# Bam. Smokin-it 3D on scene



## myownidaho (Mar 8, 2018)

I pulled the trigger on a new smoker and it arrived today. This thing is awesome! Seasoning tomorrow, St. Louis ribs on Saturday and snack sticks on Sunday. I also bought the cold smoking shelf.


----------



## Dawg Dude (Mar 8, 2018)

Pretty kool!! How do they recommend you season it?


----------



## myownidaho (Mar 8, 2018)

They send you 2oz of hickory chunks to season with.


----------



## pc farmer (Mar 8, 2018)

Awesome.   You will make some great food in that I am sure.


----------



## old sarge (Mar 8, 2018)

Welcome to the world of Lazy-Q and Smokin-it.  Seasoning smells so good you'll wish that you had a big butt in the smoker, maybe a full packer brisket:)


----------



## Dawg Dude (Mar 8, 2018)

myownidaho said:


> They send you 2oz of hickory chunks to season with.
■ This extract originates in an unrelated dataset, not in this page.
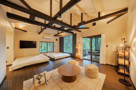 施設は森に囲まれた静かな環境に位置し、四季折々の自然美を間近に感じられるロケーションが魅力です。客室にはハンモックを設置しており、木々のざわめきや野鳥のさえずりに耳を傾けながら、ゆったりとした時間を満喫していただけます。夏の深緑、秋の紅葉など、季節ごとに異なる自然をお楽しみください。

Wow I thought there would be way more to it than that. Way easier than all the other voodoo I see online. Have fun. Keep us posted.


----------



## old sarge (Mar 8, 2018)

The chunks weigh approximately 2 ounces each. You only need a couple of them to season, about 4 ounces.   Here is a link to the instructions if you are interested:

http://www.smokin-it.com/v/vspfiles/files/OperatingInstructions.pdf


----------



## SonnyE (Mar 8, 2018)

WOO-HOO! :eek::cool::D

Oh, you are a Saint!
I'd be out there seasoning it right away.
Hickory is my favorite wood.


----------



## myownidaho (Mar 8, 2018)

Thanks, guys! I’m stoked. This is a significant upgrade. One thing I have noticed in the manual is that it now has a top temp of 375 instead of 325. That opens up more possibilities. I also won’t have nearly as much limitation smoking in cold weather due to construction. Just eliminating the need to cut racks in half makes me happy. :D


----------



## jp61 (Mar 8, 2018)

Nice toy, I mean smoker!
Enjoy!


----------



## smoking4fun (Mar 8, 2018)

I love my Smokin-It 3D - and the BEST part of ownership is the amazing customer service from Steve (the owner).  He has come through for me on several occasions with personal service that I would NEVER get from any other brand.


----------



## myownidaho (Mar 8, 2018)

smoking4fun said:


> I love my Smokin-It 3D - and the BEST part of ownership is the amazing customer service from Steve (the owner).  He has come through for me on several occasions with personal service that I would NEVER get from any other brand.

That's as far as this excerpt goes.